Virbhadra Temple is dedicated to Lord Shiva, located at Virbhadra Town near Rishikesh, Uttarakhand. It is a 1,300-year-old temple, where Virbhadra, an avatar of Lord Shiva is worshiped. Night long jagran and special poojas are held on the occasion of Shivratri & Sawaan. A mela is also held to coincide with the Mahashivratri festival. Virbhadra Temple Myths and Legends Virabhadra is an avatar of Lord Shiva who was created by him in anger. The story in Hindu mythology describes that when Goddess Uma (Sati) felt insulted by her father Daksh Prajapati at Kankhal, Haridwar for not inviting her husband Lord Shiva for Yagya, she jumped into the Yagya Kund to immolate herself for her husband's dishonor.

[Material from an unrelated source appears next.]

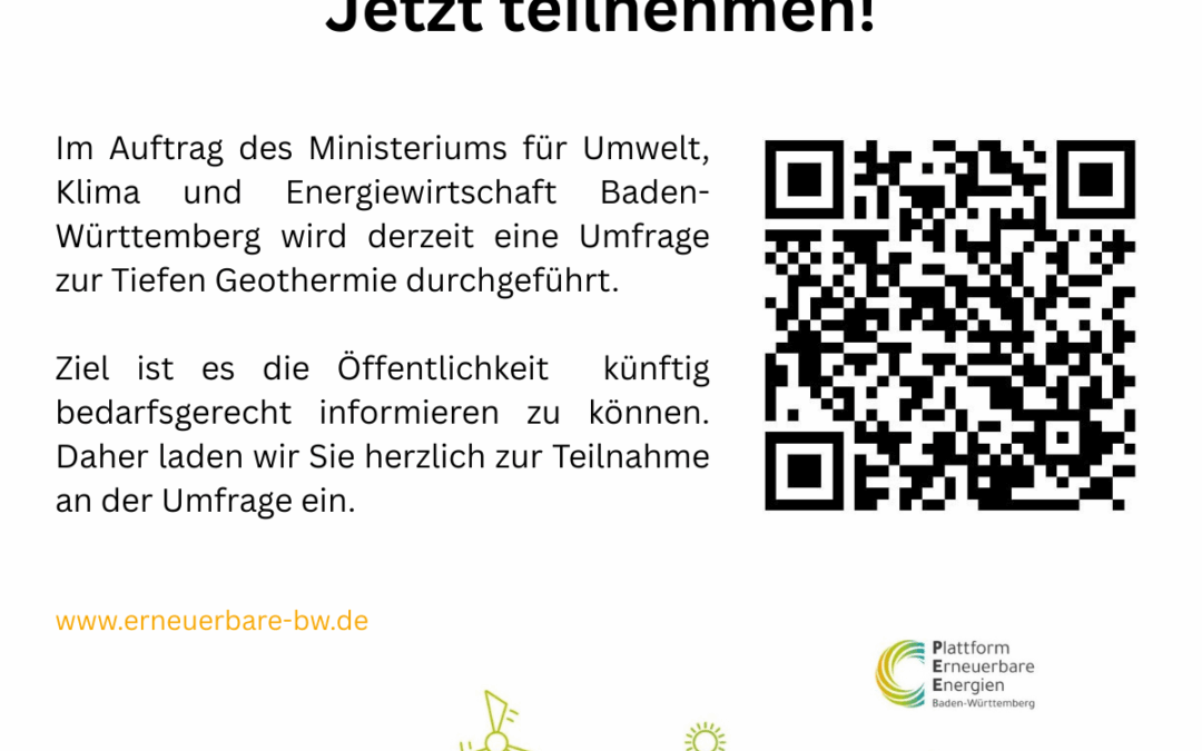 Die Teilnahme ist freiwillig und anonym. Die Plattform Erneuerbare Energien Baden-Württemberg e.V. bittet darum, sich zu beteiligen und den Link gerne auch im persönlichen und beruflichen Umfeld weiterzugeben. Ein breites Meinungsbild hilft dabei, die öffentliche Kommunikation rund um das Thema Tiefengeothermie weiterzuentwickeln.

When Lord Shiva heard this news he became angry, pulled out his hair and thrashed on the ground. Consequently, Lord Virbhadra was born.

The temple is located 2 km from Neelanth-Rishikesh Highway. It can be reached by local Veerbhadra railway station on the highway which is 2 km away from the temple. Nearby villages are Meera Nagar and Tehri Vishtapit. Jolly Grant Airport, Dehradun is 25 km away.